Introdução
Ter um bom volume de vendas não significa, necessariamente, que um e-commerce esteja financeiramente saudável. Afinal, muitos empreendedores comemoram o aumento do faturamento, porém encontram dificuldades para pagar fornecedores, impostos, salários e outras despesas essenciais. Na maioria das vezes, isso acontece porque não existe um controle eficiente do fluxo de caixa.
Nesse cenário, o fluxo de caixa se torna uma das ferramentas mais importantes para a gestão financeira da empresa. Isso porque ele permite acompanhar todas as entradas e saídas de dinheiro, prever necessidades de capital e tomar decisões com muito mais segurança.

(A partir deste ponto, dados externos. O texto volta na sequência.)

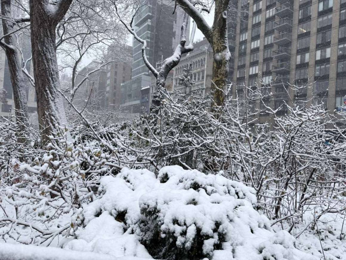 En Nueva York, la nieve comenzó a caer desde el sábado y continuó extendiéndose por la región hasta la mañana del domingo. Central Park, así como los aeropuertos de LaGuardia y JFK, reportaron acumulaciones.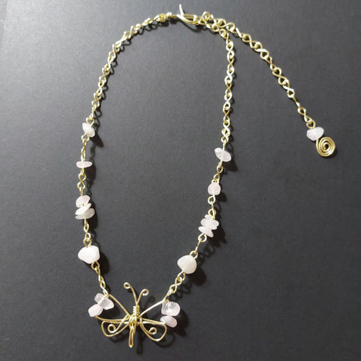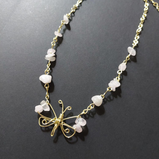 Collier composé de maillons et fermoir en cuivre au revêtement couleur or/champagne, ravissant papillon façonnés par mes soins. Perles/chips de  quartz rose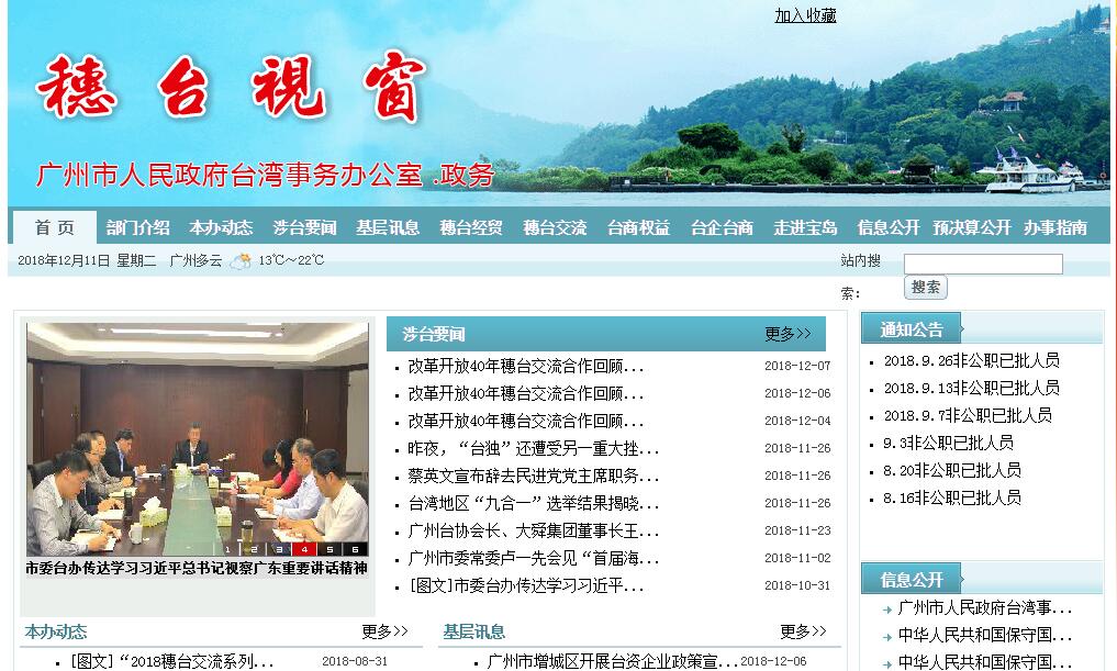 廣州市人民政府臺灣事務辦公室負責對全市對臺工作履行組織、指導、管理、協(xié)調職能。其主要職責:(一)貫徹執(zhí)行中央對臺工作方針政策;研究制定我市對臺工作的實施辦法和工作計劃,并組織實施。(二)組織、指導、管理、協(xié)調全市對臺工作;并對各級各部門貫徹執(zhí)行黨的對臺工作方針、政策情況進行檢查。(三)調查研究臺灣形勢及兩岸關系發(fā)展動向,提出對策意見和建議。(四)統(tǒng)籌協(xié)調和指導我市對臺經濟工作;協(xié)助管理臺資企業(yè);指導市臺資企業(yè)協(xié)會工作。(五)統(tǒng)籌協(xié)調和指導我市對臺文化、教育、科技、衛(wèi)生、體育以及其他各領域的交流與合作;負責我市赴臺交流、考察、講學項目和臺灣團體或人士來穗交流、考察、講學等有關項目的審核、報批工作。(六)負責對臺宣傳、涉臺新聞報道和涉臺教育工作;協(xié)調臺灣記者來穗采訪。(七)按照上級臺辦的部署和授權,負責與臺灣有關社會團體及各界人士的聯絡及溝通;指導各區(qū)、縣級市和市直有關單位及團體與臺灣重點人士的聯絡工作和重要涉臺活動。(八)保障臺灣同胞的合法權益;指導、協(xié)調處理涉臺重要事件和突發(fā)事件及穗臺兩地人員交往中的各類事務。(九)指導開展臺屬工作。(十)負責我市涉臺事務的新聞發(fā)言。(十一)負責市委對臺工作領導小組的日常工作。(十二)承辦市委、市政府和上級部門交辦的其他事項。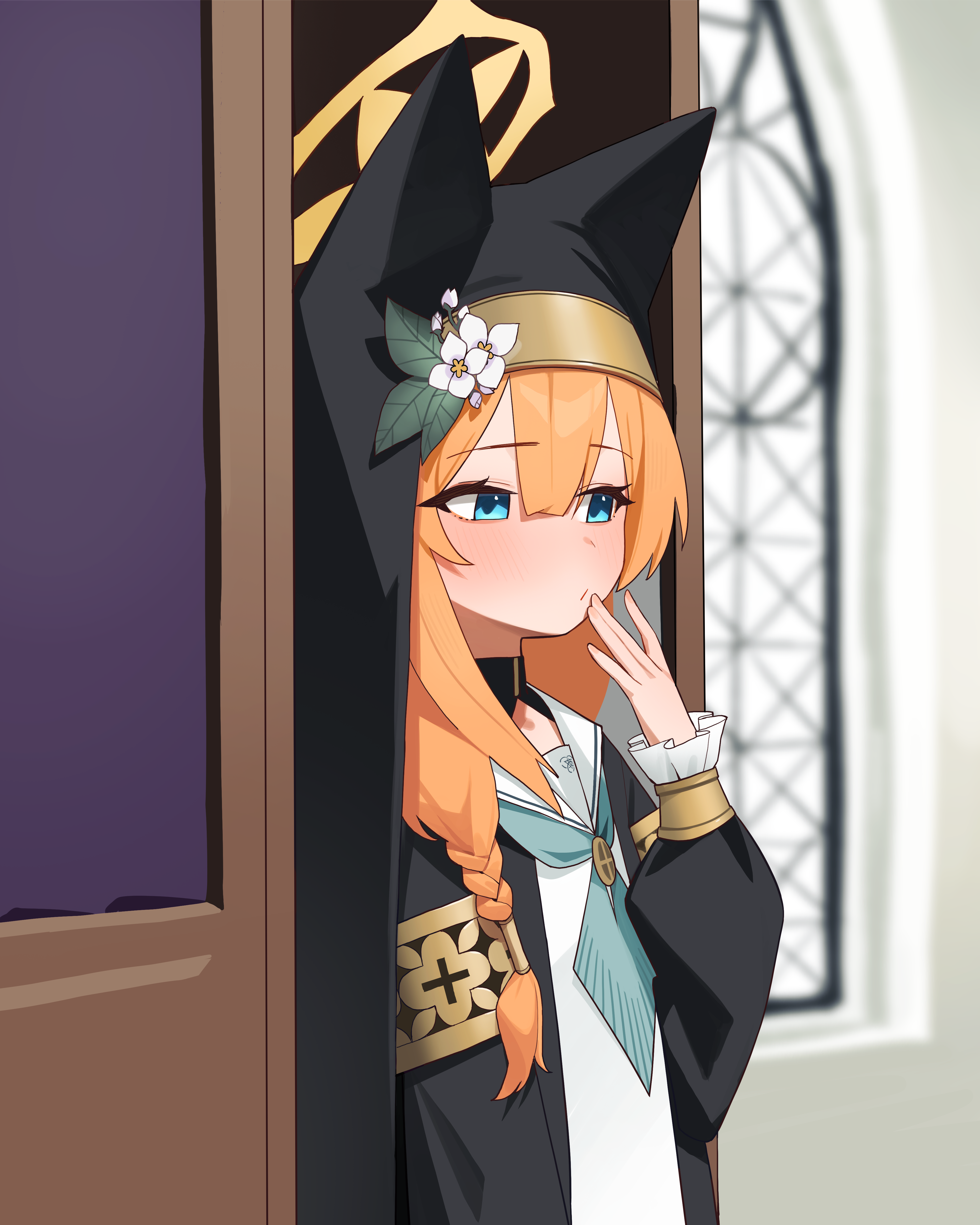 1girlanimal ear headweararmbandblue eyesblue neckerchiefclosed mouthcoiffake animal earsflowerfrom sidehalohathat flowerlong hairlong sleevesneckerchieforange hairsoloupper bodywhite floweryellow armbandyellow halo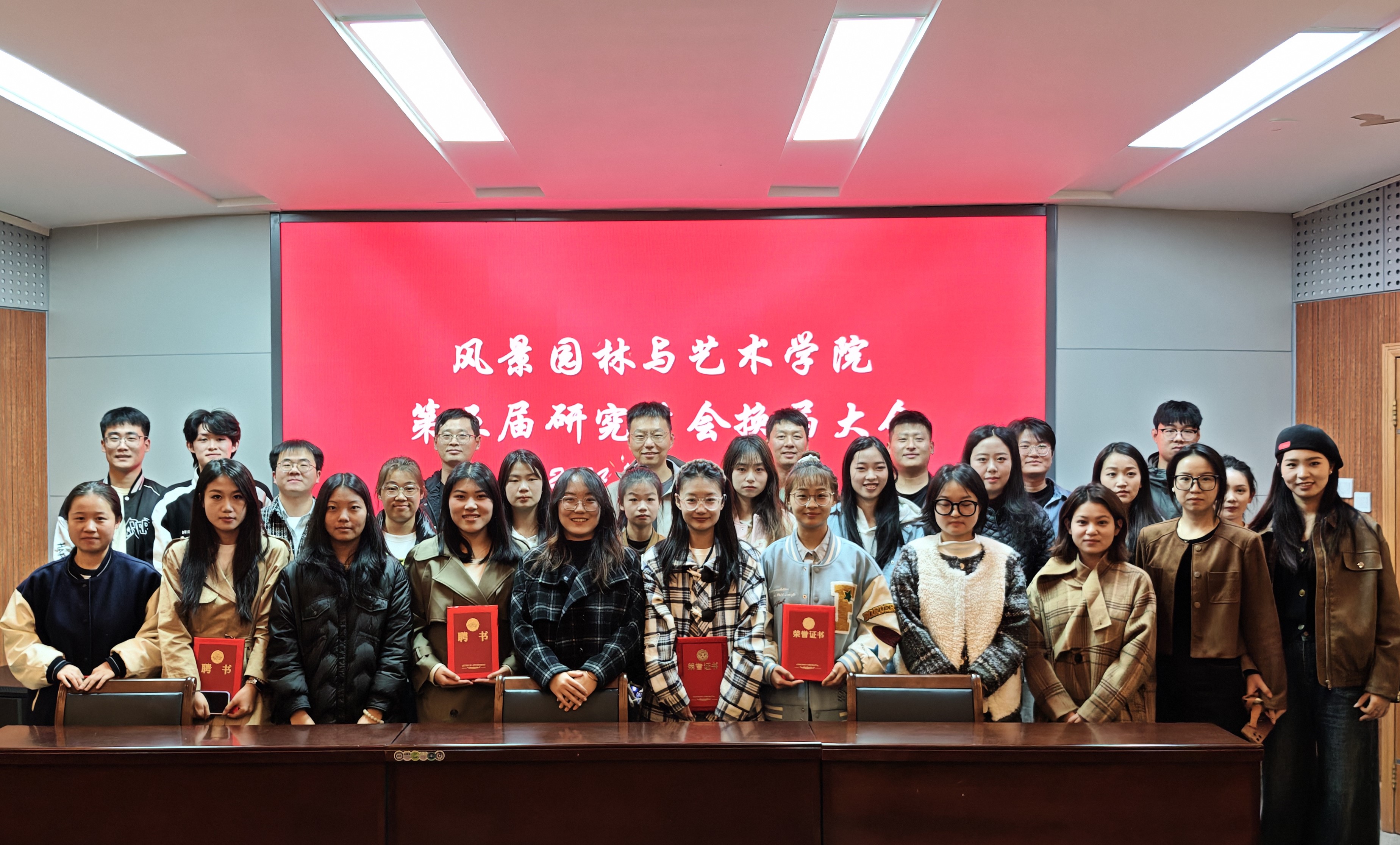 大会伊始,第四届研究生学生会主席尤啸龙对过去一年的工作进行了全面总结。他回顾了研究生会这一年在学术交流、文体活动等方面的众多成绩,对研究生学生会成员过去一年的辛勤付出表达由衷感谢,并给新一届研究生会成员传递宝贵经验。随后,院领导和老师为第四届研究生学生会主席团成员颁发荣誉证书,以表彰他们为研究生学生会做出的贡献。紧接着,梁高铭公布了新一届研究生学生会各部门成员名单,院领导和老师为主席团成员颁发聘书。新任学生会主席张怡雪在发言中表示,将带领研究生学生会团队传承优良传统,不断提升学生服务水平,为学院的发展贡献新的力量。
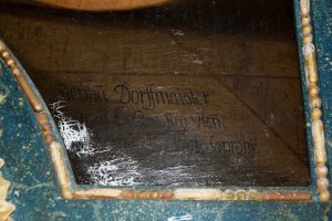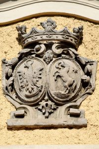 Figyelemre méltó az oltáron elhelyezett kettős címer is. A két ovális pajzsot lombkoszorú övezi, felette további heraldikai jellel. Balra a Mezőszegedy Szegedy-család címerállata, a koronás fekete sas, karmai közt kard és tőr. Jobbra az első barokk templomot építtető II. Ferenc második feleségének, Medgyesi Somogyi Rozáliának címere látható: az előtérben hármas halom, felette pajzs ferdén kék és vörös mezőre osztott, az egyik mezőben felemelt lábával követ tartó daru, a másikban ágaskodó kettős farkú oroszlán, jobbjában kardot tart. Utóbbi még egyszer megjelenik a címer felett. A címer indás-volutás faragott kerete összhangban áll az oltár részleteivel, feltehetően vele egykorú. Ezek alapján valószínű, hogy az első barokk templom oltára, esetleg főoltára lehetett.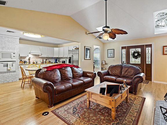 This is a completely updated 4 bedroom 2 bath pool home with a giant detached garage. The home sits on fully manicured 1.15 acre lot which is full fenced. The home also features two drive ways off of the paved privet road. The pool area is like your own oasis in the woods! The home has a new roof and A/C as well.This home is a must see!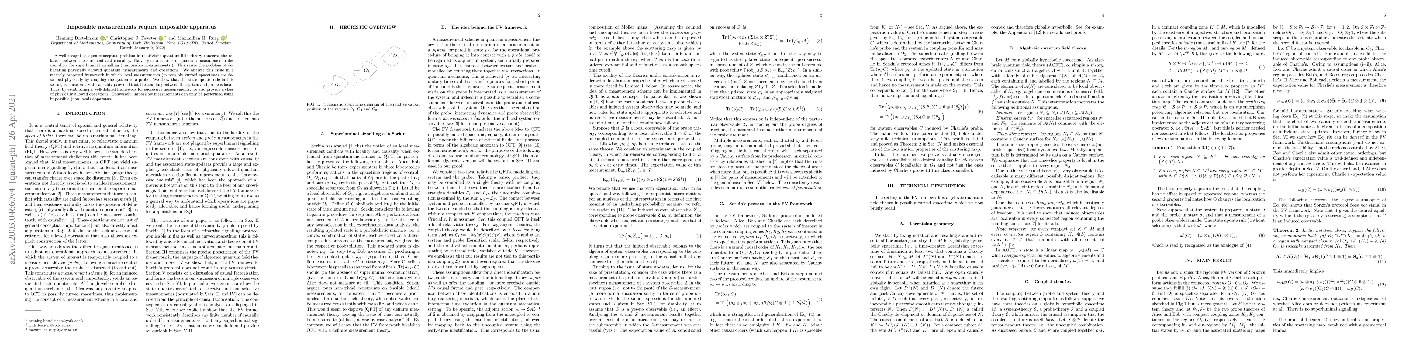 This paper addresses the issue of superluminal signalling in relativistic quantum field theory by proposing a framework where local measurements are described through local coupling between the system and a probe. The authors demonstrate that this framework maintains causality and allows for a well-defined class of physically allowed operations, while impossible measurements necessitate the use of non-local (impossible) apparatus.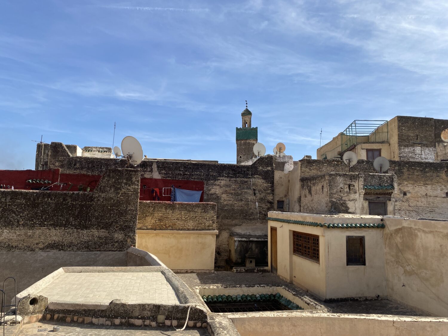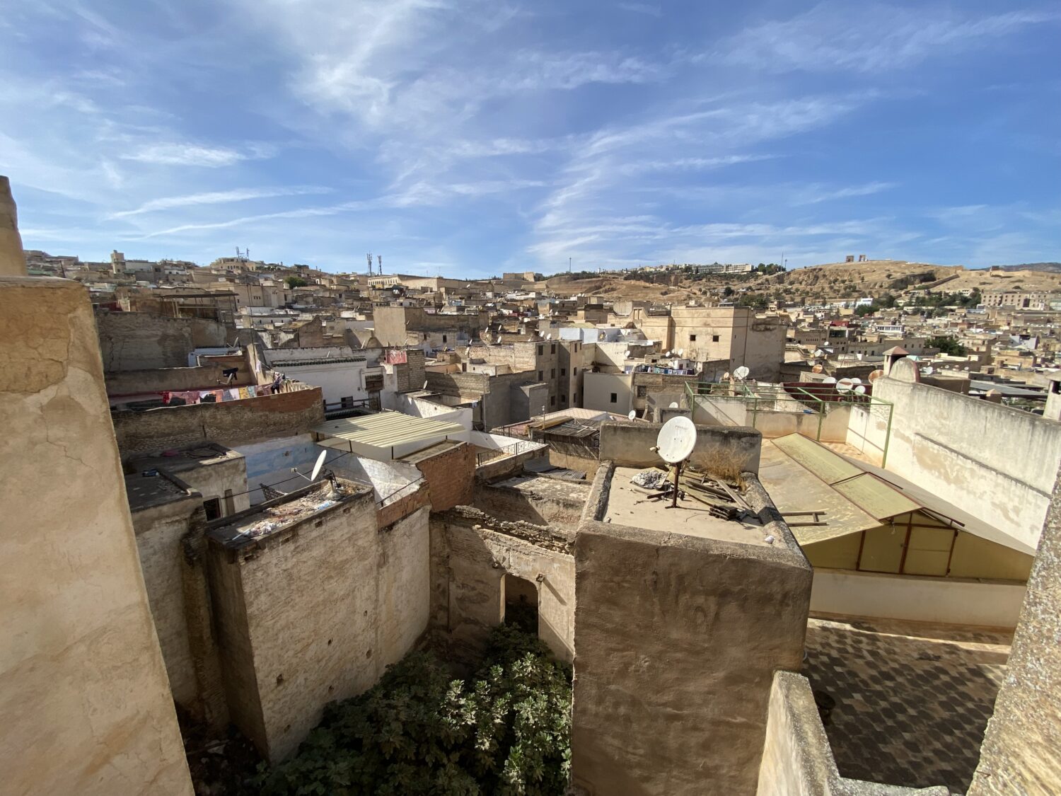 Het uitzicht vanaf het bovenste terras strekt zich uit over de medina tot aan het Palais Jamaï en de berg Zalagh.

Além disso, quando o controle é realizado corretamente, torna-se possível evitar atrasos em pagamentos, reduzir desperdícios e identificar oportunidades para aumentar a rentabilidade.
No e-commerce, esse acompanhamento é ainda mais importante. Afinal, as vendas podem ocorrer em diversos canais, como loja virtual, Mercado Livre, Shopee, Amazon e outros marketplaces. Ao mesmo tempo, cada plataforma possui taxas, comissões e prazos de repasse diferentes, o que torna o controle financeiro mais complexo.
Por isso, manter um fluxo de caixa atualizado deixa de ser apenas uma boa prática e passa a ser uma necessidade para empresas que desejam crescer de forma sustentável. Dessa forma, o empreendedor consegue planejar investimentos, organizar compras de estoque e manter a saúde financeira do negócio.
Neste artigo, você entenderá o que é o fluxo de caixa, como estruturá-lo corretamente, quais erros devem ser evitados e quais estratégias ajudam a impedir a falta de capital no e-commerce.
O que é fluxo de caixa?
O fluxo de caixa é o registro de toda a movimentação financeira da empresa durante um determinado período. Em outras palavras, ele demonstra todo o dinheiro que entra e todo o dinheiro que sai do negócio.
Embora o conceito seja simples, sua importância é enorme. Isso porque ele fornece uma visão clara da situação financeira da empresa, permitindo que o gestor saiba exatamente quanto dinheiro está disponível e quais compromissos financeiros ainda deverão ser pagos.
Entre as principais entradas de recursos estão:
- Recebimento de vendas da loja virtual;
- Pagamentos realizados pelos marketplaces;
- Recebimentos via Pix;
- Boletos bancários;
- Cartões de crédito;
- Rendimentos financeiros;
- Transferências entre contas da empresa.
Por outro lado, entre as principais saídas estão:
- Compra de mercadorias;
- Pagamento de fornecedores;
- Fretes;
- Salários e pró-labore;
- Impostos;
- Investimentos em marketing;
- Mensalidades de plataformas e sistemas;
- Despesas administrativas;
- Tarifas bancárias.
Quando todas essas movimentações são registradas corretamente, o empresário passa a compreender como o dinheiro circula dentro da empresa. Consequentemente, fica muito mais fácil planejar ações futuras e evitar problemas financeiros.
Por que o fluxo de caixa é tão importante?
Muitos empresários acreditam que basta olhar o saldo bancário para saber se a empresa está financeiramente saudável. No entanto, essa prática pode levar a decisões equivocadas.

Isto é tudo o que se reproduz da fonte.